Welcome to the fourm. I can't help with bees but there are a lot of beeks on here from California they may be able to help.


----------



## Specialkayme (Sep 4, 2005)

Welcome to the site!


----------



## Dermot duggan (Apr 27, 2011)

Thanks guys, so you guys are called "beeks" Birdman? - LOL


----------



## jip (Apr 10, 2009)

Hey, welcome to the forum.

Pink Cow is near you. He might have something for you, maybe. But if not I have some established hives.


----------



## Birdman (May 8, 2009)

I was just lazy didn't want to spell the whole word.


----------



## Dermot duggan (Apr 27, 2011)

Hi Jip, thanks for the tip - Pink cow, that conjures up all sorts if weird images 

Lets keep talking, I'm keen to populate the hive asap


----------



## Dermot duggan (Apr 27, 2011)

Birdman said:


> I was just lazy didn't want to spell the whole word.
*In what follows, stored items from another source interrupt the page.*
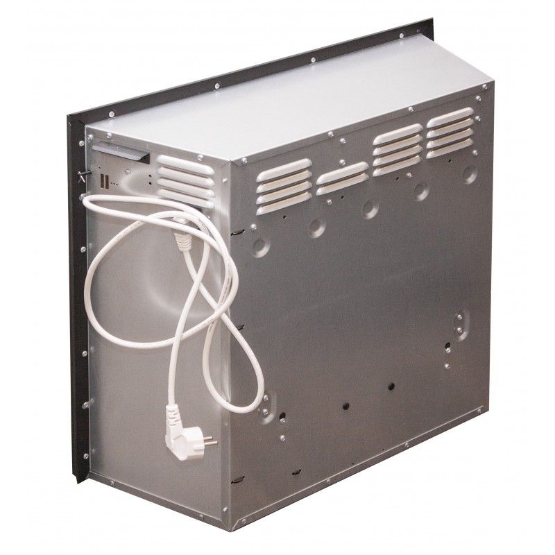 Электрический очаг предназначен для встраивания в обрамления под широкий очаг. Эффект горящей топки с многоцветным пламенем и муляжом дров за двумя дверками с металлическими шторами. Регулируемая яркость пламени и дистанционное управление. Нагреватель с поддувом спрятан в верхней части очага и обеспечивает обогрев в холодную погоду. Переключатель позволяет включать на полную или половинную мощность.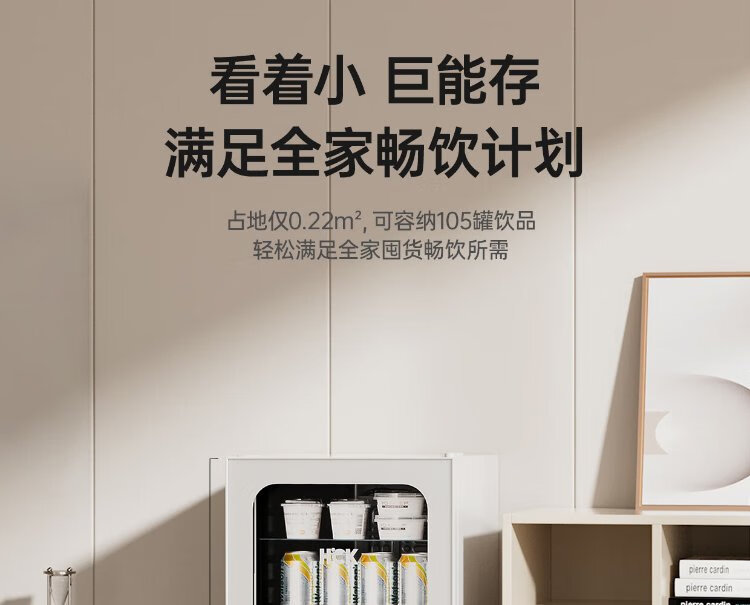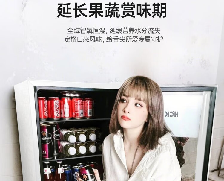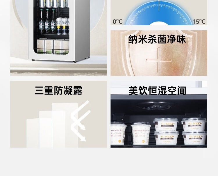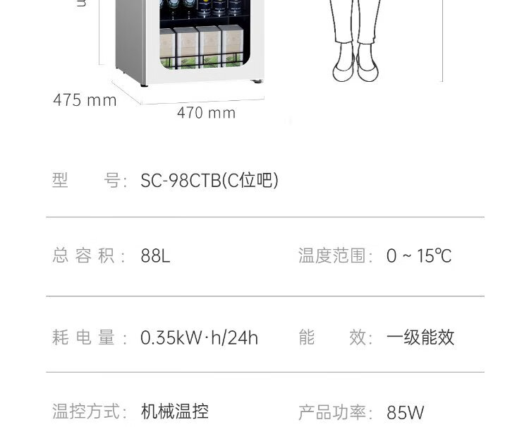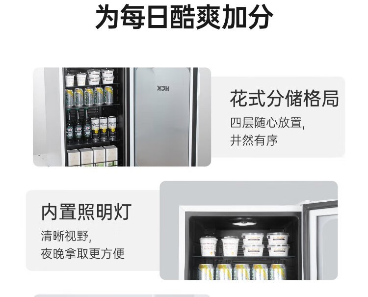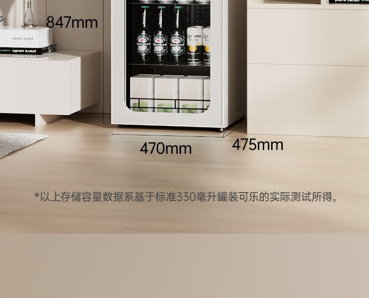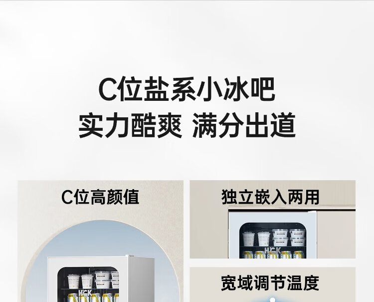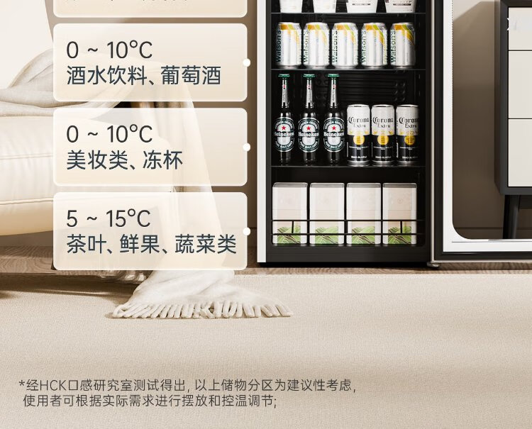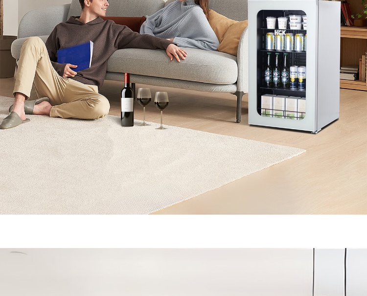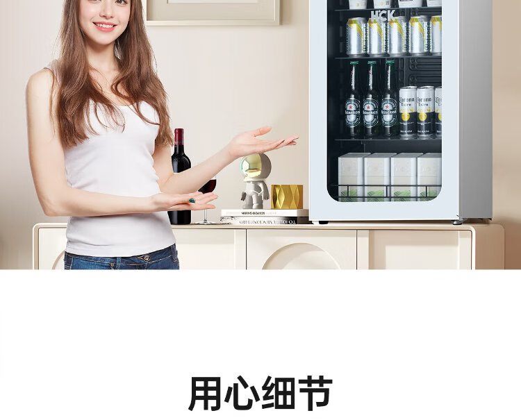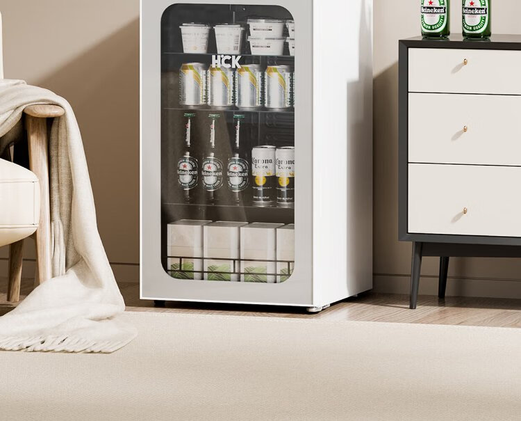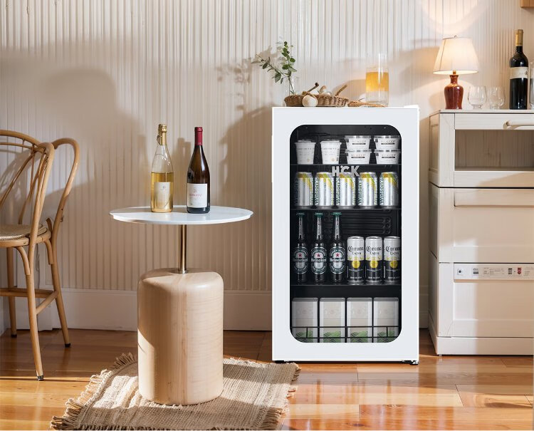 HCK Husky Ice Bar Home Island Semi-embedded Refrigerator Beverage Cabinet First Class Energy Efficiency Energy Saving Slim Glass Door Small Hotel Computer Room Ice Bar SC-98CTB White 88L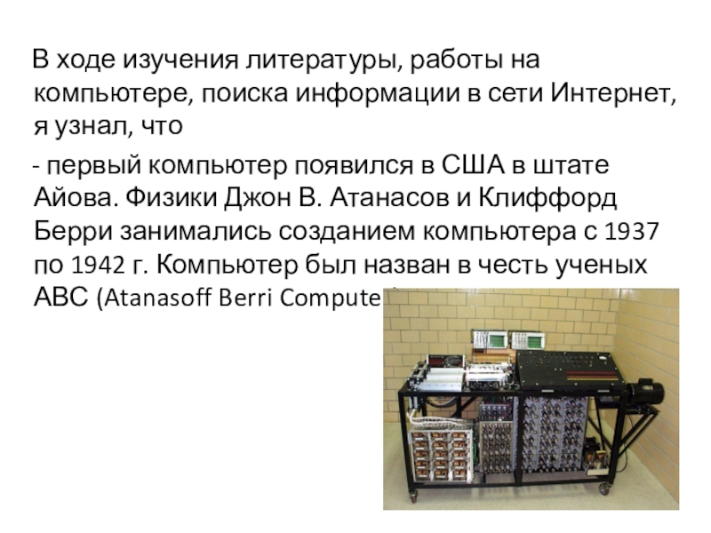 - первый компьютер появился в США в штате Айова. Физики Джон В. Атанасов и Клиффорд Берри занимались созданием компьютера с 1937 по 1942 г. Компьютер был назван в честь ученых АВС (Atanasoff Berri Computer).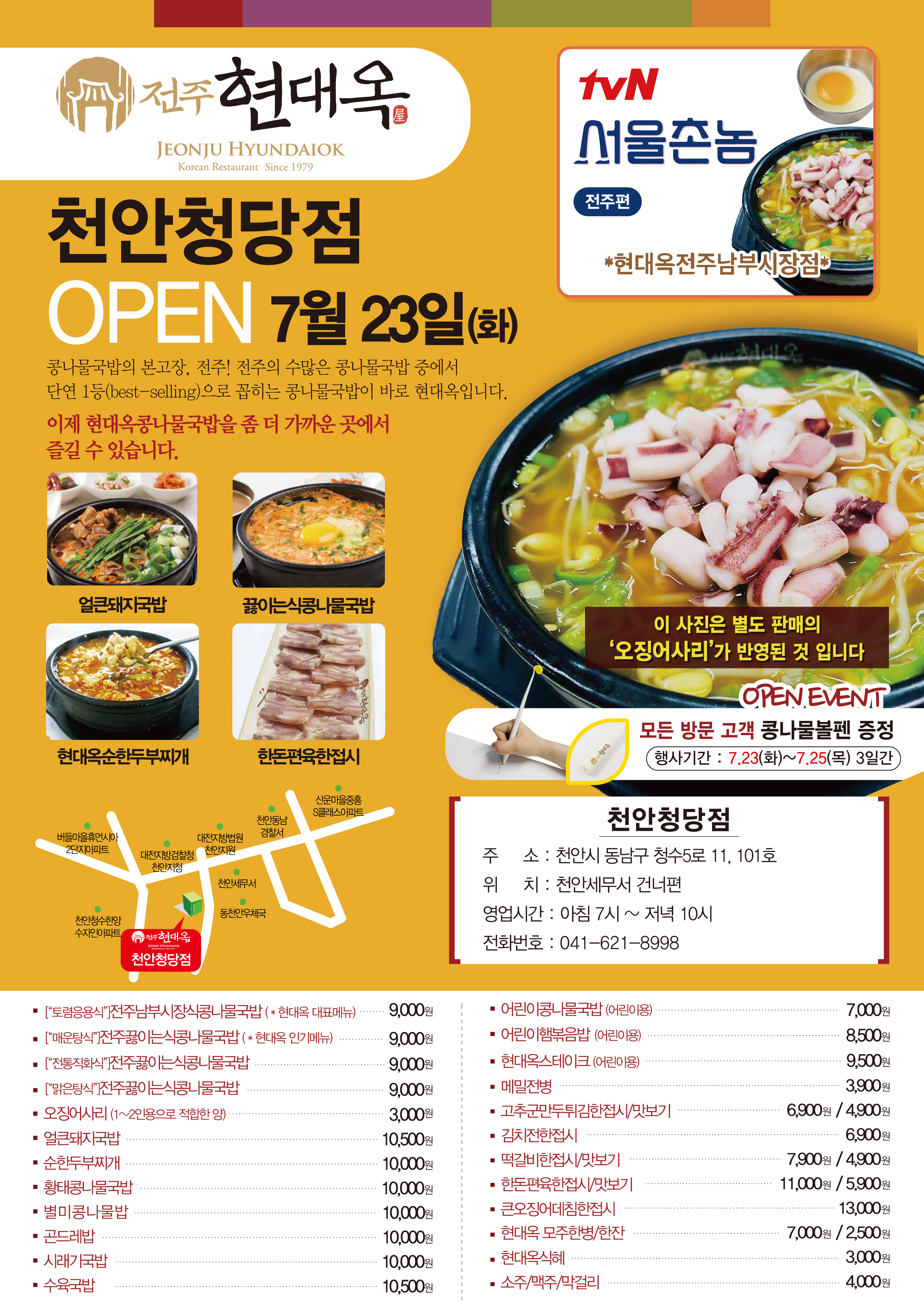 오늘자 천안시 동남구 청당동 천안법조타운 인근에 현대옥 천안청당점이 오픈하였습니다.
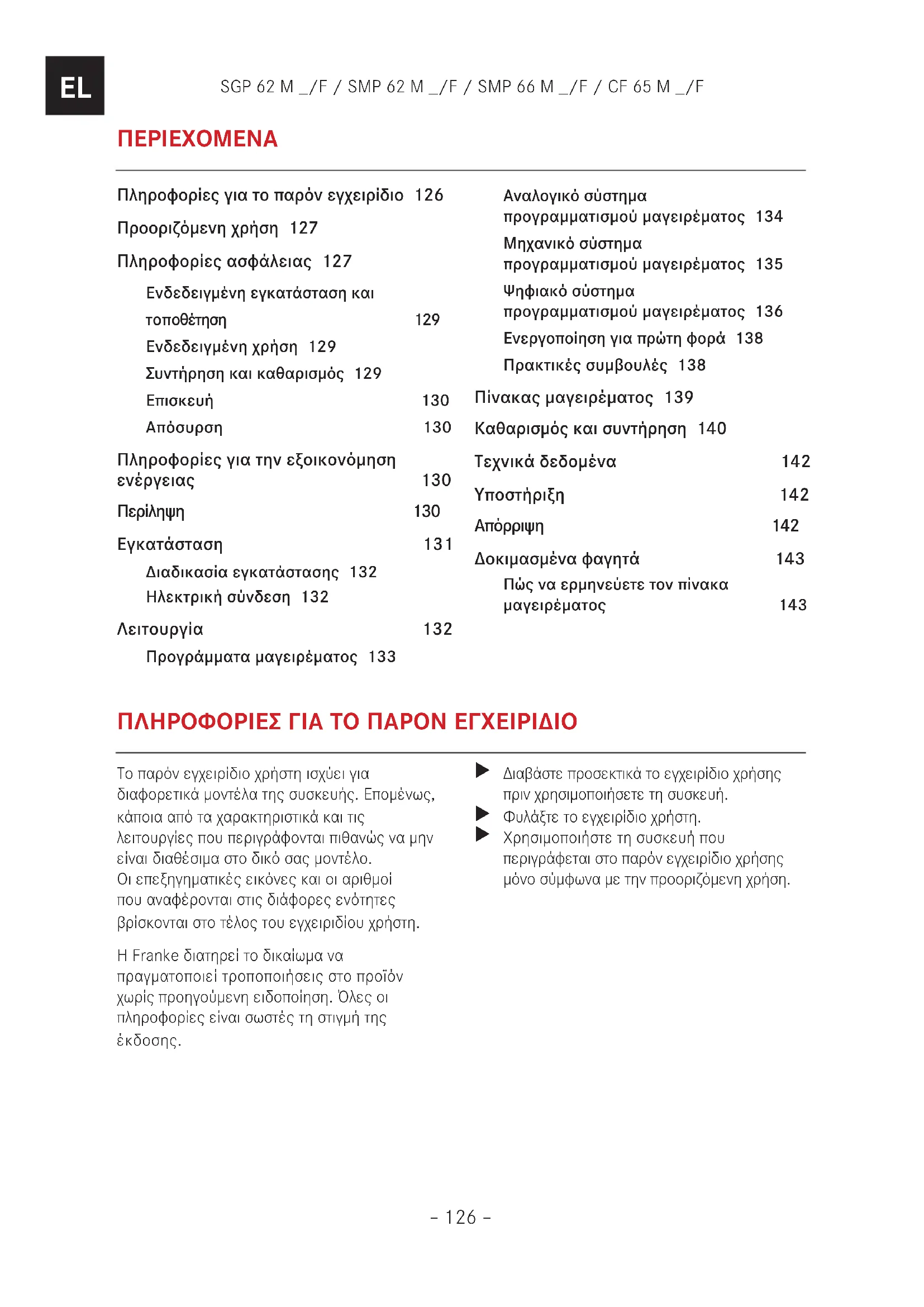 ΠΕΡΙΕΧΌΜΕΝΑ Πληροφορίες για το παρόν εγχειρίδιο 126 Προοριζόμενη χρήση 127 Πληροφορίες ασφάλειας 127 Ενδεδειγμένη εγκατάσταση και τοποθέτηση 129 Ενδεδειγμένη χρήση 129 Συντήρηση και καθαρισμός 129 Επισκευή 130 Απόσυρση 130 Πληροφορίες για την εξοικονόμηση ενέργειας 130 Περίληψη 130 Εγκατάσταση 131 Διαδικασία εγκατάστασης 132 Ηλεκτρική σύνδεση 132 Λειτουργία 132 Προγράμματα μαγειρέματος 133 Αναλογικό σύστημα προγραμματισμού μαγειρέματος 134 Μηχανικό σύστημα προγραμματισμού μαγειρέματος 135 Ψηφιακό σύστημα προγραμματισμού μαγειρέματος 136 Ενεργοποίηση για πρώτη φορά 138 Πρακτικές συμβουλές 138 Πίνακας μαγειρέματος 139 Καθαρισμός και συντήρηση 140 Τεχνικά δεδομένα 142 Υποστήριξη 142 Απόρριψη 142 Δοκιμασμένα φαγητά 143 Πώς να ερμηνεύετε τον πίνακα μαγειρέματος 143 ΠΛΗΡΌΦΌΡΙΕΣ ΓΙΑ ΤΌ ΠΑΡΌΝ ΕΓΧΕΙΡΙΔΙΌ Το παρόν εγχειρίδιο χρήστη ισχύει για διαφορετικά μοντέλα της συσκευής. Επομένως, κάποια από τα χαρακτηριστικά και τις λειτουργίες που περιγράφονται πιθανώς να μην είναι διαθέσιμα στο δικό σας μοντέλο. Οι επεξηγηματικές εικόνες και οι αριθμοί που αναφέρονται στις διάφορες ενότητες βρίσκονται στο τέλος του εγχειριδίου χρήστη. Η Franke διατηρεί το δικαίωμα να πραγματοποιεί τροποποιήσεις στο προϊόν χωρίς προηγούμενη ειδοποίηση. Όλες οι πληροφορίες είναι σωστές τη στιγμή της

No I love it, I'm going to get a tee shirt printed up - Or even better have it added to my bee suit - "The NORCAL BEEKs"


----------



## Birdman (May 8, 2009)

Look like you might be a beek soon. good luck and enjoy your new hobby.


----------



## Birdman (May 8, 2009)

You said you friend had two hives at your place. Why not buy a queen and make a split from them. Just a thought.


----------



## Dermot duggan (Apr 27, 2011)

I thought about that, however one of the hives has just gone back and the other (Still in my yard) swarmed several times just recently. I'm concerned that the remaining hive may not be big enough now to allow for a split. Is there any way of knowing if the hive is big enough?


----------



## Birdman (May 8, 2009)

open it an look if they swarmed the queen didn't have any where to lay.


----------



## Dermot duggan (Apr 27, 2011)

They were out of space, so i've added another super to allow from growth. My question is how do I now establish if the remaining colony is big enough to split again?


----------



## jip (Apr 10, 2009)

Swarmed and you didn't catch them?


----------



## jip (Apr 10, 2009)

BTW, I PM'ed Pink Cow - Ed, said he'll contact you.


----------



## Dermot duggan (Apr 27, 2011)

Many thanks for the PM, I appreciate it!

Tried to catch the swarm but no luck!!



jip said:


> BTW, I PM'ed Pink Cow - Ed, said he'll contact you.


----------



## Birdman (May 8, 2009)

all you need is a couple frames of brood a frame of pollin and a frame of honey. If the were out of room they should be plenty of all. After they are going you can alway move frames around to help the weak hive.


----------



## Dermot duggan (Apr 27, 2011)

Do I need to ensure there is a queen cell on one of those frames? Also do u recommend a sirup feeder until the hire recovers its strength and raises a queen?

Cheers


Birdman said:


> all you need is a couple frames of brood a frame of pollin and a frame of honey. If the were out of room they should be plenty of all. After they are going you can alway move frames around to help the weak hive.


----------



## Birdman (May 8, 2009)

I would buy a queen that way she will lay soon after her release. Feed the split, if the hive has swarmed there should be plenty of store. They will make a queen if they are young eggs in the frames this takes around three week .


----------



## Dermot duggan (Apr 27, 2011)

Thanks Birdman



Birdman said:


> I would buy a queen that way she will lay soon after her release. Feed the split, if the hive has swarmed there should be plenty of store. They will make a queen if they are young eggs in the frames this takes around three week .


----------



## AmericasBeekeeper (Jan 24, 2010)

Welcome!


----------



## KQ6AR (May 13, 2008)

Hi Dermot,
If pink cow doesn't have anything extra, I can sell you a couple nucs.
I'm in Concord. You should check out www.diablobees.org. MDBA its also has a facebook page. Most of us locals are members.


----------